The reply must consist of the lines from the first line of the records through the line containing "开衫短袖百褶裙:100%羊毛极简半裙面料名称:弹力双面哔叽 74%聚酯纤维 17%粘纤 9%氨纶", copied exactly, with every picture omitted.

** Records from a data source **
--------------------
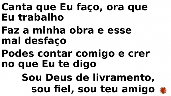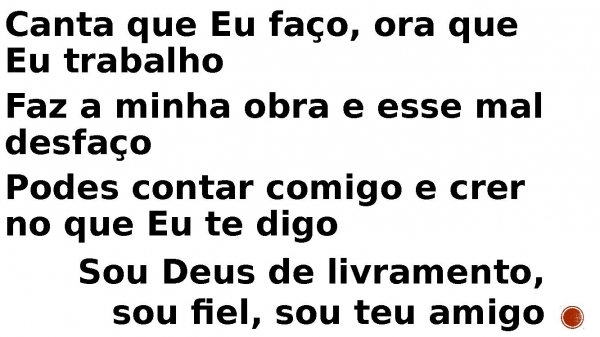 - Canta que Eu faço, ora que Eu trabalho Faz a minha obra e esse mal desfaço Podes contar comigo e crer no que Eu te digo Sou Deus de livramento, sou fiel, sou teu amigo
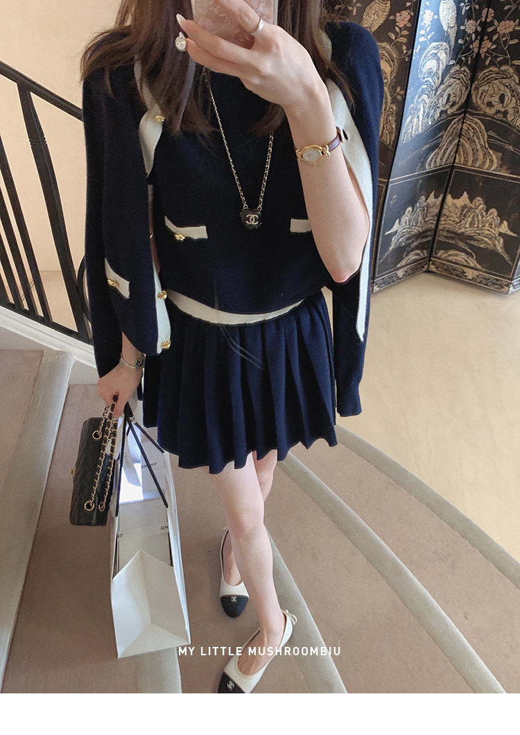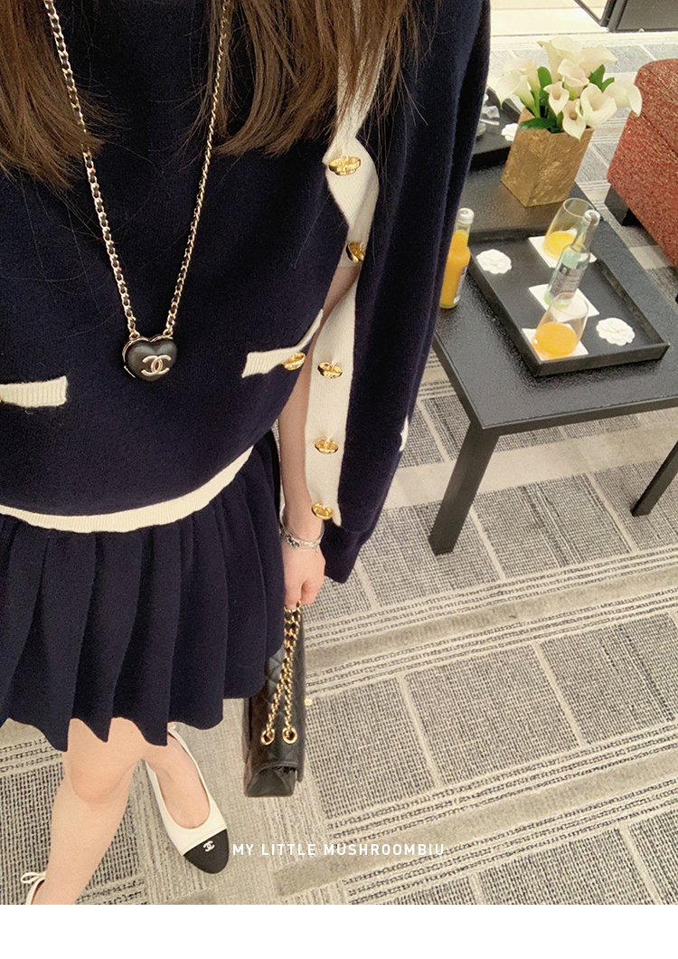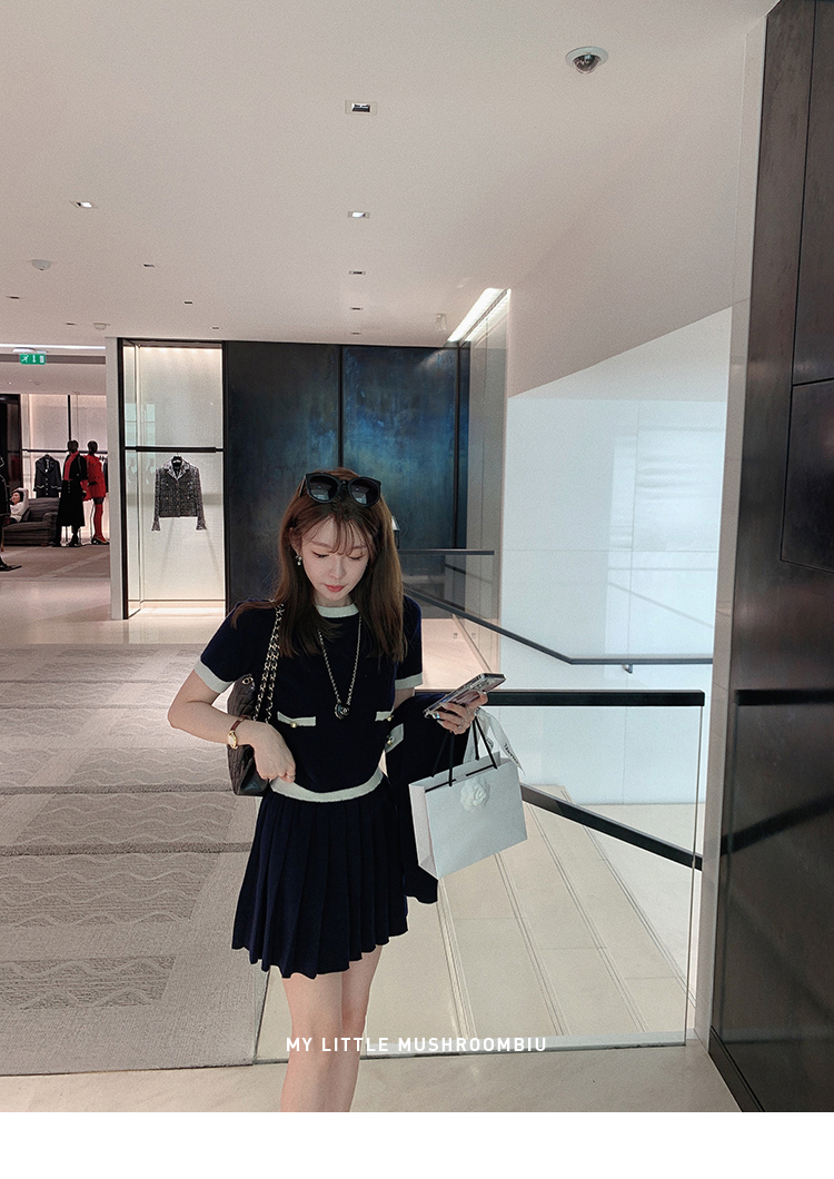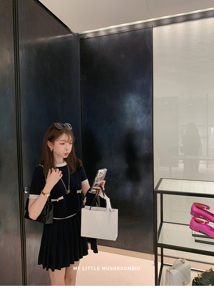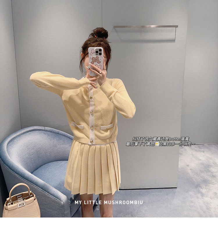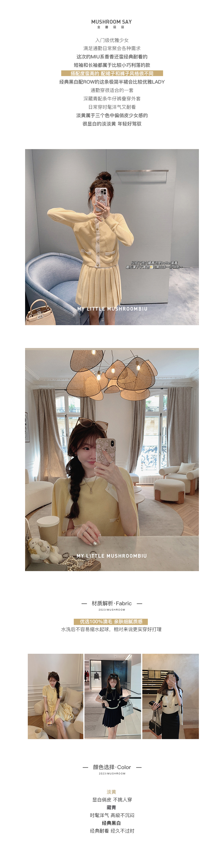 开衫短袖百褶裙:100%羊毛极简半裙面料名称:弹力双面哔叽 74%聚酯纤维 17%粘纤 9%氨纶
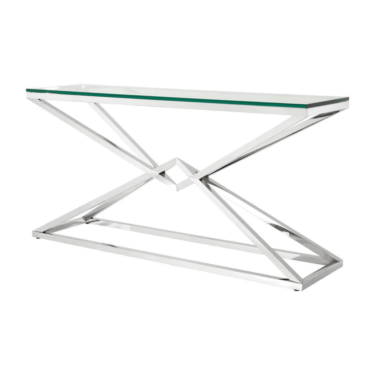 Discover the versatility of the Connor Console Table. With its shiny pyramid base, this designer table adds radiance and splendour to your home décor. Crafted from stainless steel, the conspicuous geometric base features a polished finish and a clear glass tabletop. Downloads:. Item specification sheet. Assembly instruction. Finish: Polished stainless steel | clear glass. *Moot Trading Ltd is not a lender and acts only as an introducer. The credit product is provided by Klarna Bank AB (publ). Credit is only available to permanent UK residents aged 18 and over, subject to status. Terms and conditions apply. Please note that the following products are not regulated by the FCA: Pay in 30 days and Pay in 3 instalments. Read More.
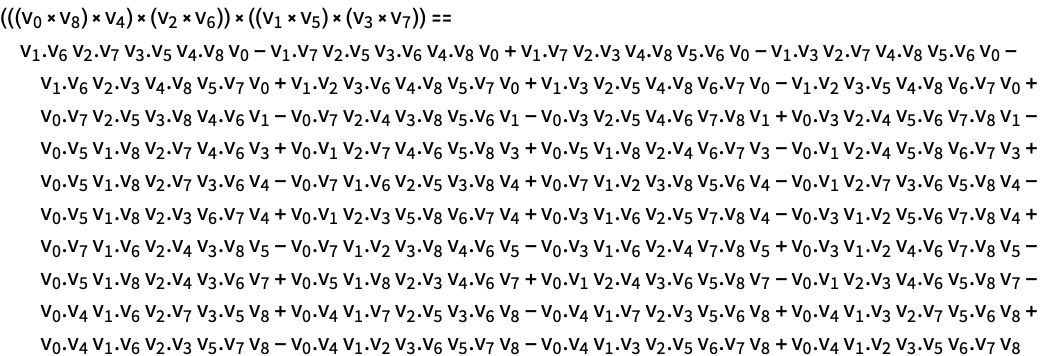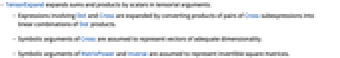- Expressions involving Dot and Cross are expanded by converting products of pairs of Cross subexpressions into linear combinations of Dot products.
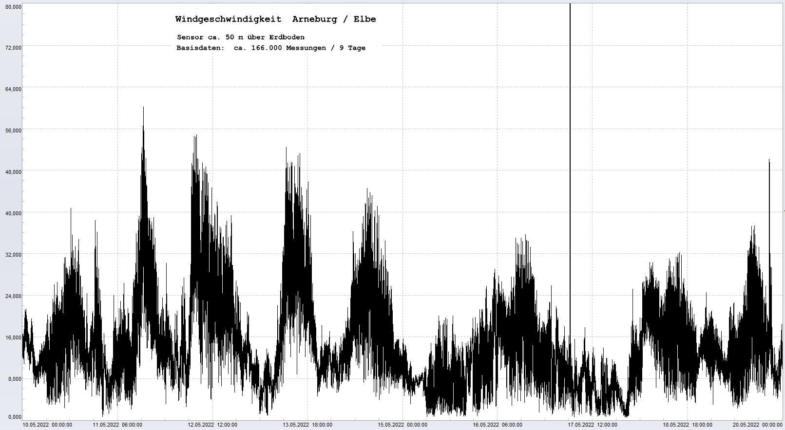 Windgeschwindigkeit 0 bis 80 km/h
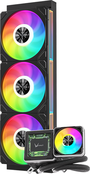 - Cryo Wing Digi 360 — это высокопроизводительное жидкостное охлаждение AIO формата 360 мм, разработанное для современных платформ Intel и AMD с поддержкой TDP до 340 Вт. Оснащено медным основанием, алюминиевым радиатором, тремя 120-мм вентиляторами с ARGB-подсветкой и ярким 2,73-дюймовым ЖК-экраном для мониторинга системы в реальном времени. Благодаря ШИМ-управлению, прочным оплёткам трубок и синхронизированной ARGB-подсветке обеспечивает эффективное, тихое и визуально эффектное охлаждение.
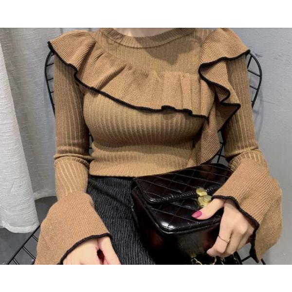 トップス リブニット レディース フリル フリル袖 スリム シンプル カットソー 韓国ファッション 秋 冬 ニットカットソー 人気 送料無料
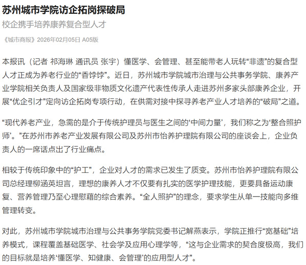 懂医学、会管理、甚至能带老人玩转“非遗”的复合型人才正成为养老行业的“香饽饽”。近日,苏州城市学院城市治理与公共事务学院、康养产业学院相关负责人及国家级非物质文化遗产代表性传承人走进苏州多家头部康养企业,开展“优企引才”定向访企拓岗专项行动,在供需对接中探寻养老产业人才培养的“破局”之道。
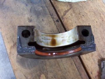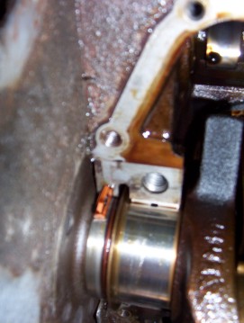 Clean the bearing cap carefully and then place the new seal into the grove in which it sat. On my model at least there was only one way this seal could go in with the lip facing towards the front of the engine as shown. Now place some sealant ( Loctite 518 or similar ) right along where it joins against the block exactly like shown. It needs also to extend forward toward the bolts holes but only in a small bead like shown. Also oil the lip of the seal as well as the bearing surface. Bolt it back into place and torque the bolts up in stages. First 54 Nm ( 40 ft. lbs ) then 95 Nm ( 70 ft. lbs ) and finally 108 Nm ( 80 ft. lbs ). If you needed to remove a bearing brace, replace it and tighten the nuts that hold it in position to 47 Nm ( 35 ft. lbs ).
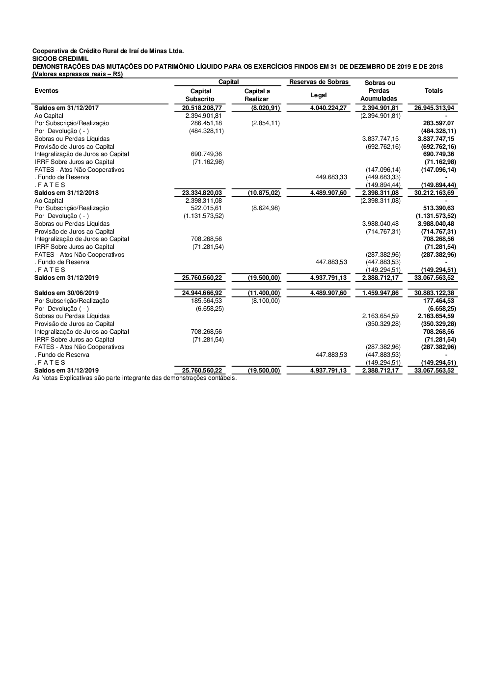Demonstrações Contábeis DMPL 2019 SICOOB Credimil.pdf
--------------------
** Task answer **
 - Canta que Eu faço, ora que Eu trabalho Faz a minha obra e esse mal desfaço Podes contar comigo e crer no que Eu te digo Sou Deus de livramento, sou fiel, sou teu amigo
 开衫短袖百褶裙:100%羊毛极简半裙面料名称:弹力双面哔叽 74%聚酯纤维 17%粘纤 9%氨纶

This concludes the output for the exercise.